High Court ruling enforces SITA's role

Read time 2min 50sec
SITA CEO Setumo Mohapi.
SITA CEO Setumo Mohapi.

The State IT Agency's (SITA's) role as the official IT procurement arm for government departments has been validated, with the Bisho High Court ruling in its favour regarding the Eastern Cape's broadband project matter.

This year, reports surfaced that the Eastern Cape Provincial Government (ECPG) followed unlawful procurement processes to roll out its broadband project.

At the time, the Eastern Cape government said it received consent from the relevant state organs to "use an existing contract that SITA has with the Western Cape on broadband services", otherwise referred to as piggybacking on an existing contract.

However, according to SITA, the ECPG was explicitly advised to use an open competitive bidding process to roll out the broadband connectivity project across the province.

Delivering his ruling, judge John Smith affirmed SITA's position in facilitating the acquisition of IT services by state departments and entities. "There could be little doubt about SITA's standing to challenge any attempt by a government department to acquire technological information services without its involvement and in contravention of the SITA Act."

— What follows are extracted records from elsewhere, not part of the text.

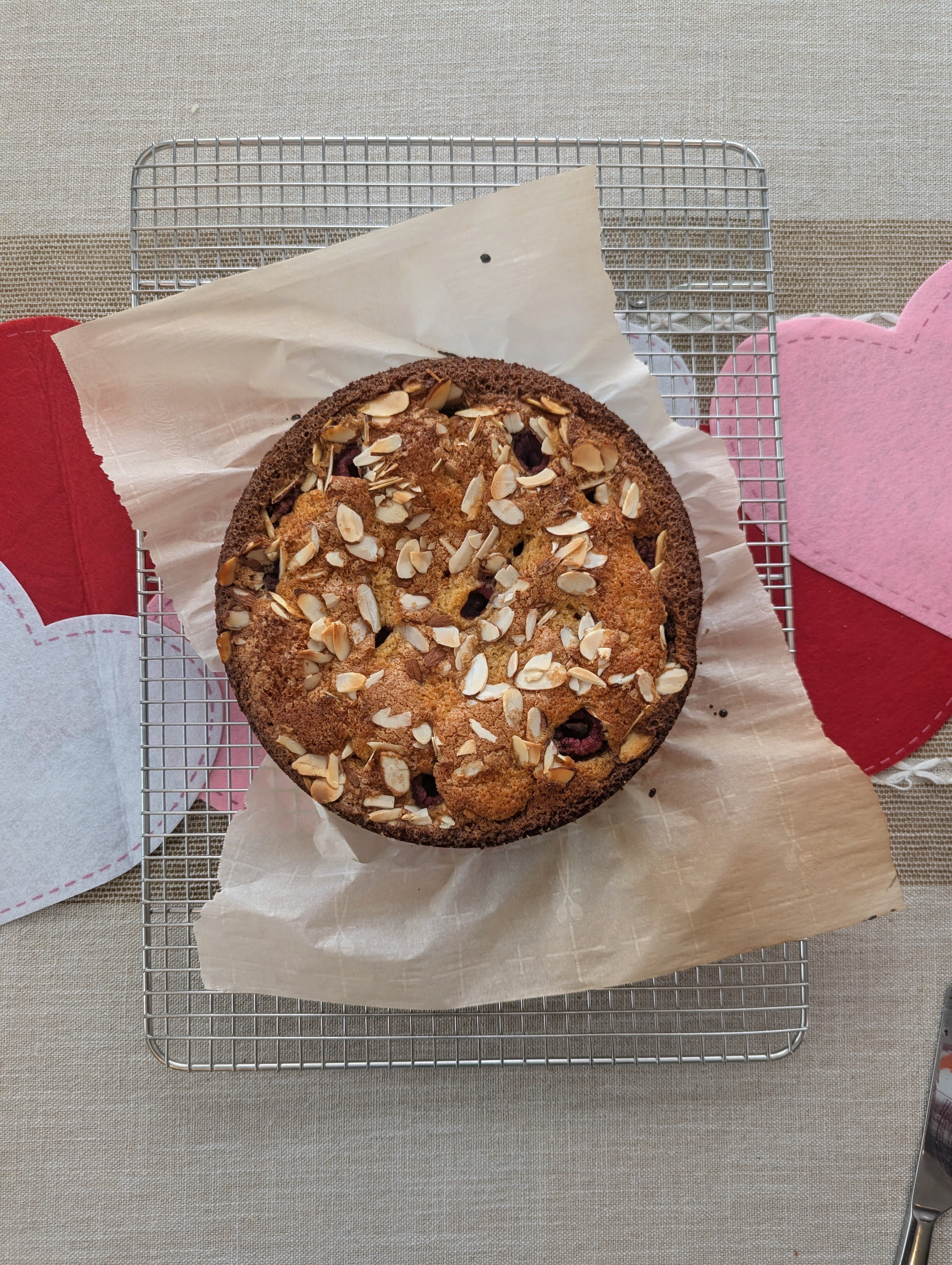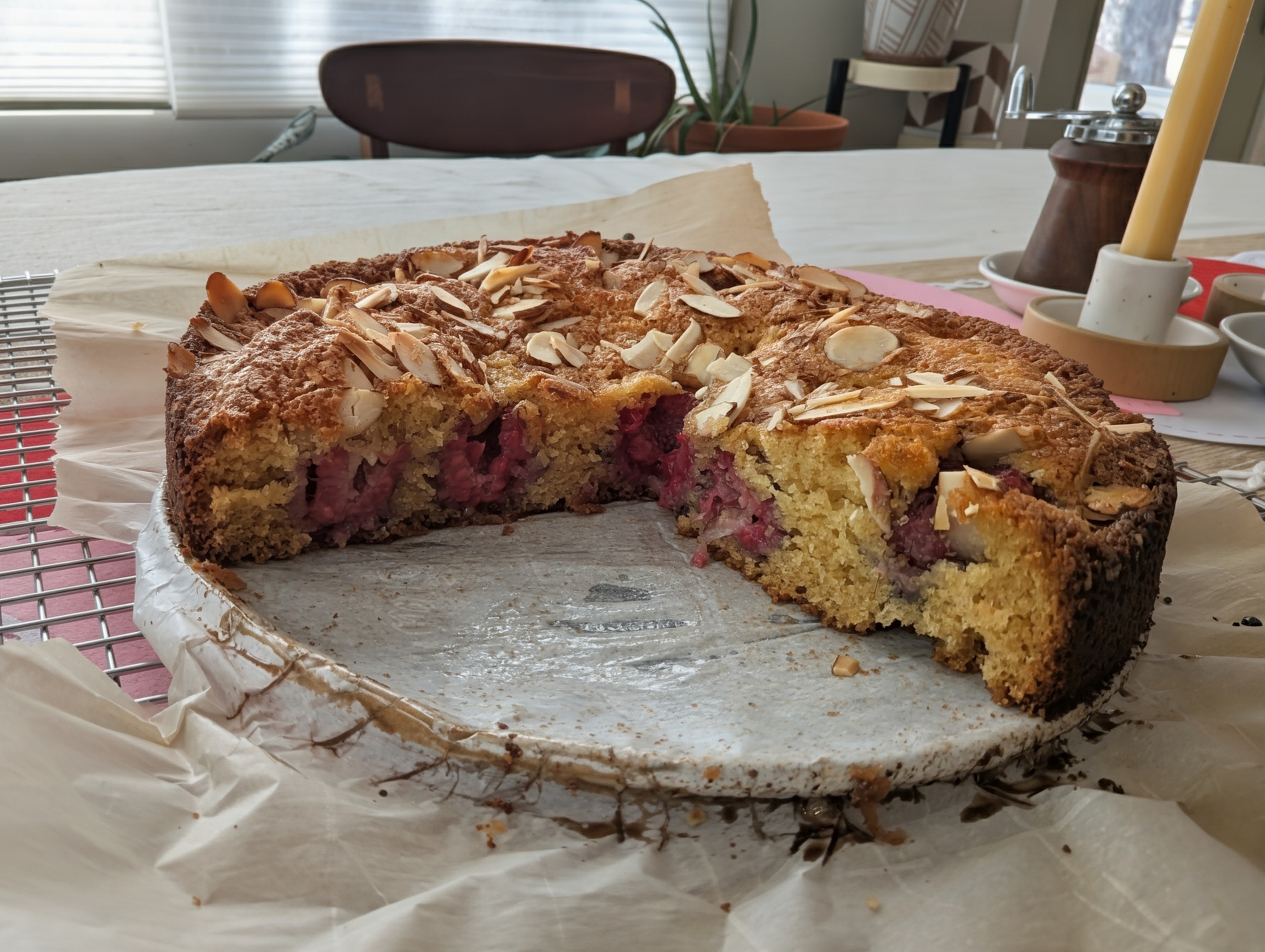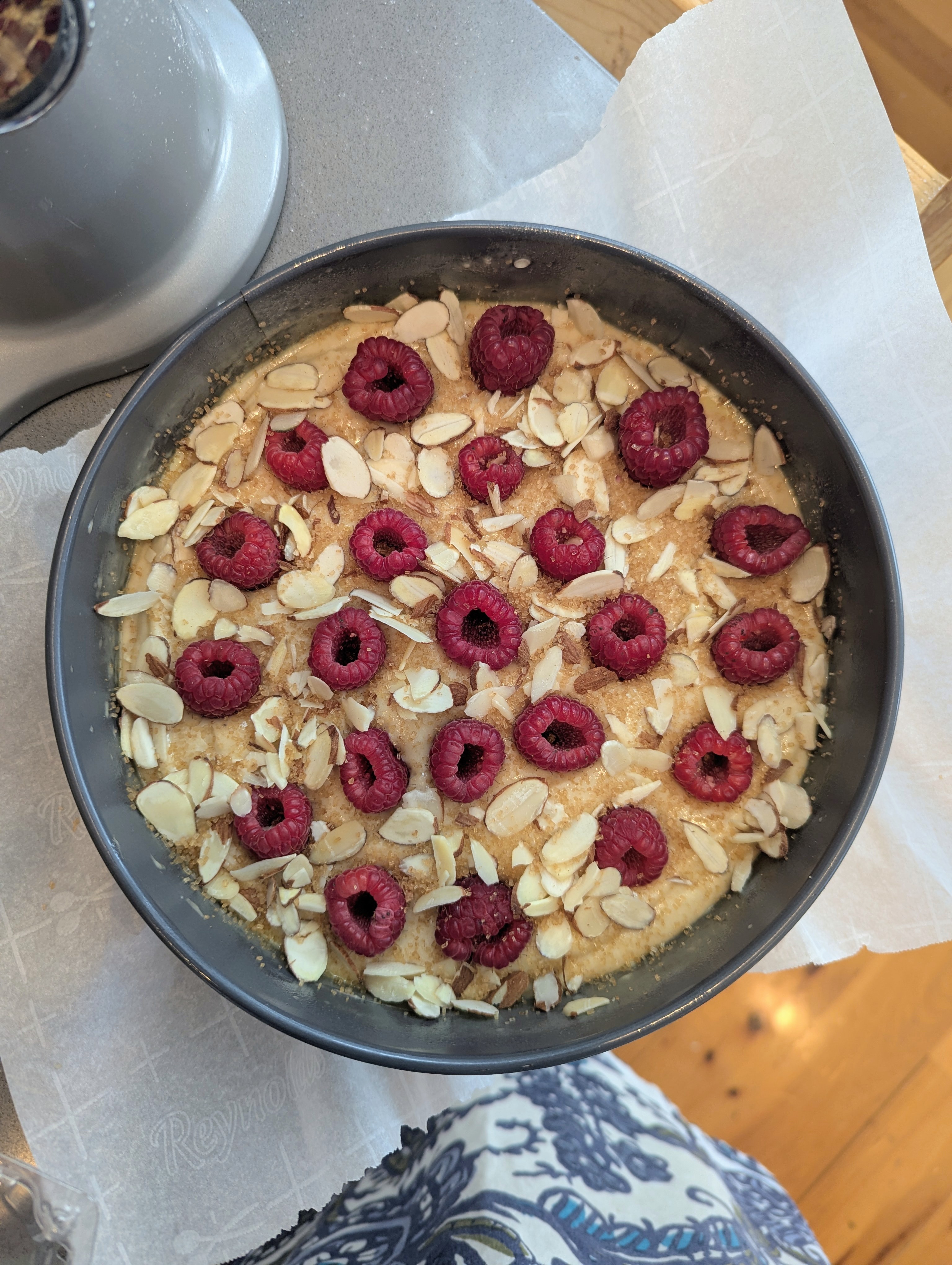 I made the raspberry buttermilk cake from Smitten Kitchen omitting the lemon zest and adding sliced almonds and a drop of almond extract. Dusted the top with Demerera and subbed ww pastry flour for half the AP.
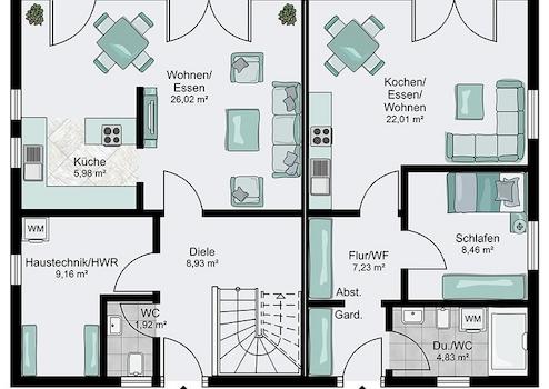Das zweigeschossige Mehrfamilienhaus mit zwei Wohnungen überzeugt mit einer klassisch eleganten Architektur mit Walmdach und zwei behaglichen Terrassen. Der Hausentwurf kann mit Stahlbalkonen an der Gartenseite ...
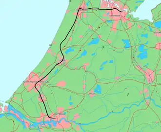 It contains the oldest railway line in the Netherlands, and follows the old horse-drawn boat (Dutch: trekschuit) canal route from Leiden via Haarlem to Amsterdam-Sloterdijk. It was opened between 1839 and 1847 by the Hollandsche IJzeren Spoorweg-Maatschappij. The oldest section, opened in 1839, ran from Amsterdam to Haarlem. Leiden and The Hague were reached in 1843, and the final section from The Hague to Rotterdam was opened in June 1847.[1]

The Eastern Cape contract was not awarded pursuant to competitive bidding, Smith added.

Deviating from the norm

National Treasury regulations stipulate deviations from procurement processes may only take place under exceptional circumstances. If government departments and state-owned entities are looking to deviate from the regulations, they must seek approval from Treasury.

In the past, some departments have contravened the SITA Act and National Treasury regulations in regards to procurement. The reason often cited is that the government agency delays processes.

The e-government department, which has an agreement with SITA, grew frustrated with the IT agency, claiming it was delaying procurement for phase two of the Gauteng Broadband Network (GBN) project.

The department requested minister Siyabonga Cwele to intervene and instruct SITA to finalise the GBN phase two procurement, or grant it a deviation from the SITA Act to procure infrastructure for phase two.

According to judge Smith, the director-general of the Western Cape had been factually and legally correct when it initially pointed out to the Eastern Cape government that it needed approval from SITA to participate in the existing contract.

He therefore ruled the Eastern Cape government "did not obtain SITA's written approval to participate in the Western Cape contract in terms of Treasury regulations and the decision to appoint Liquid Telecom to provide the broadband services was consequently reviewable".

CEO Setumo Mohapi also revealed SITA has noticed that despite the ongoing court proceedings and ruling, the ECPG has published a tender notice in papers, reiterating that Liquid Telecom had been appointed for the provision of broadband connectivity in the province.

"The publication of the notice at this stage was extremely unfortunate." Mohapi reiterated SITA's commitment to working with the Eastern Cape government to find a solution that does not jeopardise broadband rollout for the people in the province.